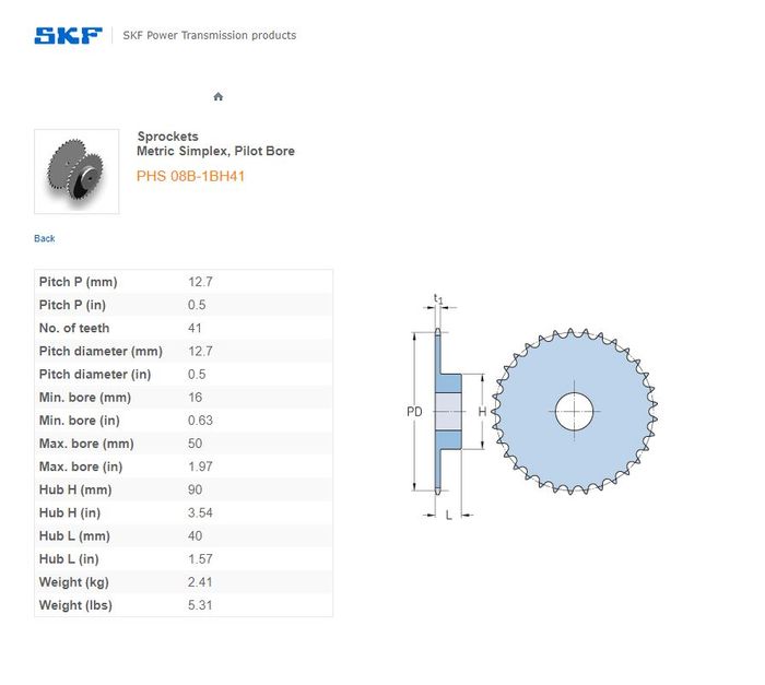 - SKF - 08B1/40/40H (1/2) SPROCKET 41 TEETH 1 ROW
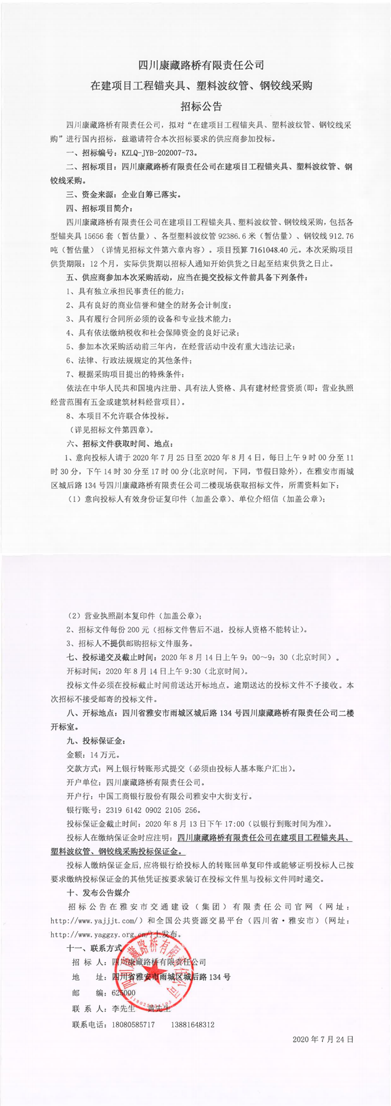 四川康藏路橋有限責任公司在建項目工程錨夾具、塑料波紋管、鋼鉸線采購招標公告
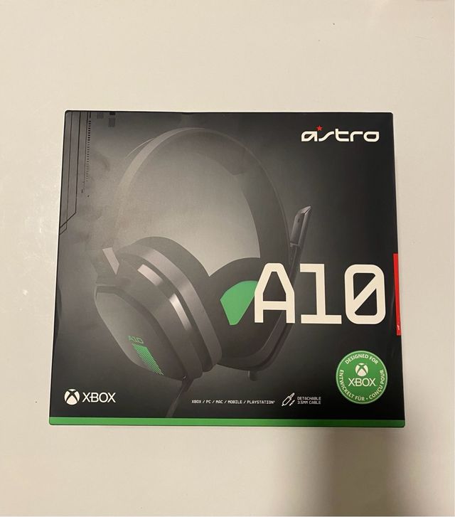 Cascos gaming Astro A10 diseñados para Xbox, nuevos sin estrenar. - Compatibles con Xbox, PC, Mac, móvil y PlayStation. - Cable de 3.5mm desmontable.
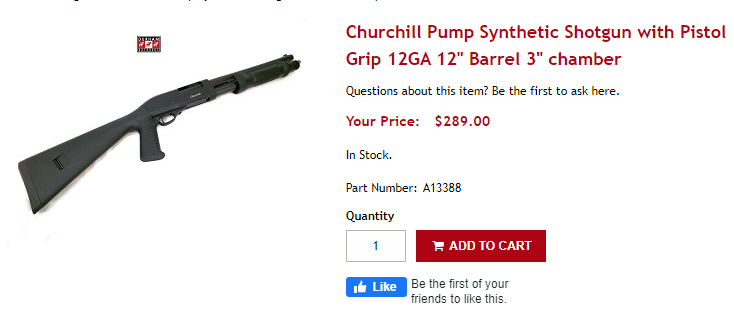 Draw 2: Churchill Pump Synthetic Shotgun with Pistol Grip 12GA 12" Barrel 3" chamber
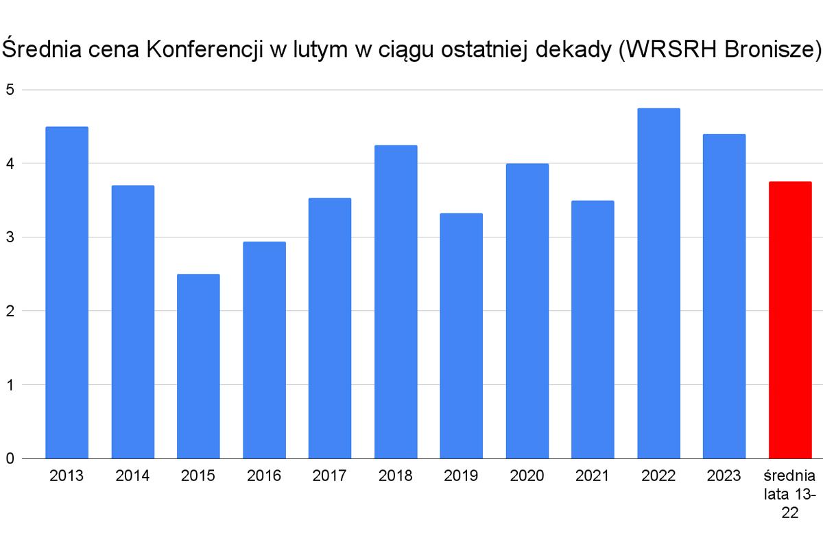 Ceny hurtowe Konferencji w lutym tego roku są wyższe od średniej (z tego miesiąca) z ostatniej dekady. 10 lat temu te same ceny były wyjątkowo atrakcyjne, dziś są dobre.
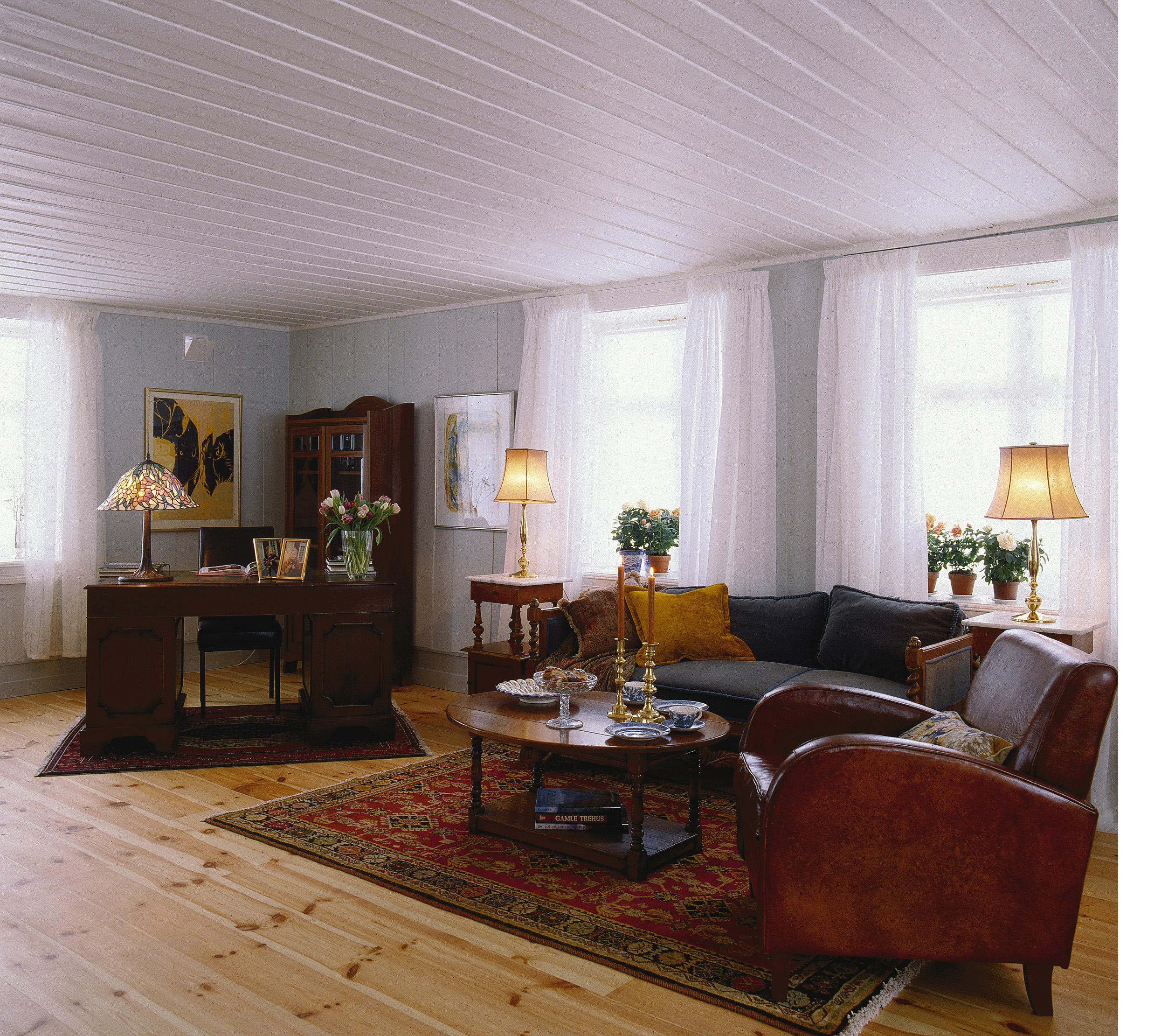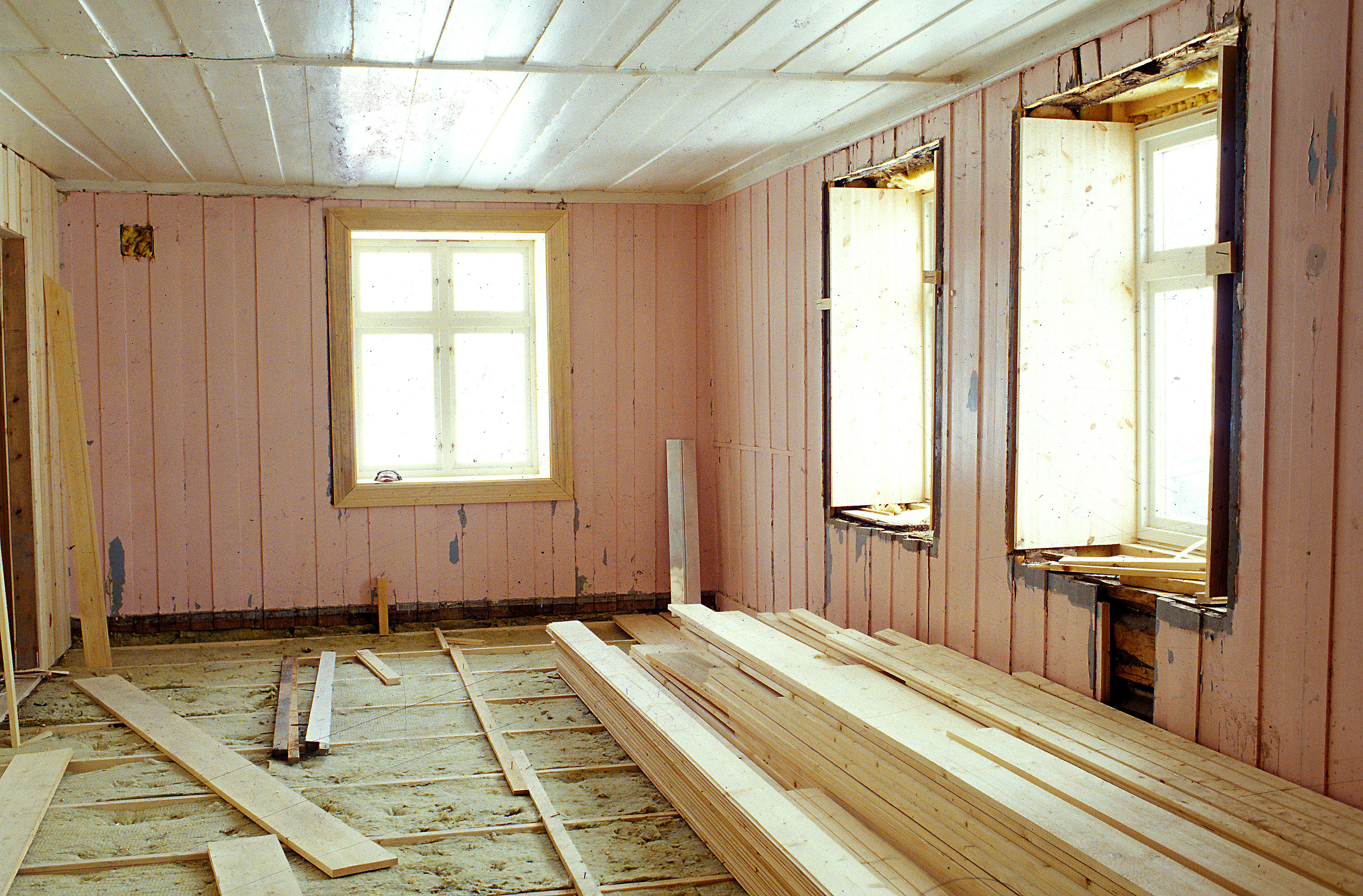 Overalt hvor det var mulig, ble de gamle, praktfulle gulvbordene restaurert. I første etasje var det store nivåforskjeller. Huset ble jekket opp og det ble lagt nye gulv, noe som gjorde det mulig med fullisolering. Vinduene ble skiftet ut med kopier av de gamle.
☆ ☆ ☆ ☆
TRY IT:
The entries above need to be repeated word for word, minus their pictures.

WRITTEN SOLUTION:
 - SKF - 08B1/40/40H (1/2) SPROCKET 41 TEETH 1 ROW
 四川康藏路橋有限責任公司在建項目工程錨夾具、塑料波紋管、鋼鉸線采購招標公告
 Cascos gaming Astro A10 diseñados para Xbox, nuevos sin estrenar. - Compatibles con Xbox, PC, Mac, móvil y PlayStation. - Cable de 3.5mm desmontable.
 Draw 2: Churchill Pump Synthetic Shotgun with Pistol Grip 12GA 12" Barrel 3" chamber
 Ceny hurtowe Konferencji w lutym tego roku są wyższe od średniej (z tego miesiąca) z ostatniej dekady. 10 lat temu te same ceny były wyjątkowo atrakcyjne, dziś są dobre.
 Overalt hvor det var mulig, ble de gamle, praktfulle gulvbordene restaurert. I første etasje var det store nivåforskjeller. Huset ble jekket opp og det ble lagt nye gulv, noe som gjorde det mulig med fullisolering. Vinduene ble skiftet ut med kopier av de gamle.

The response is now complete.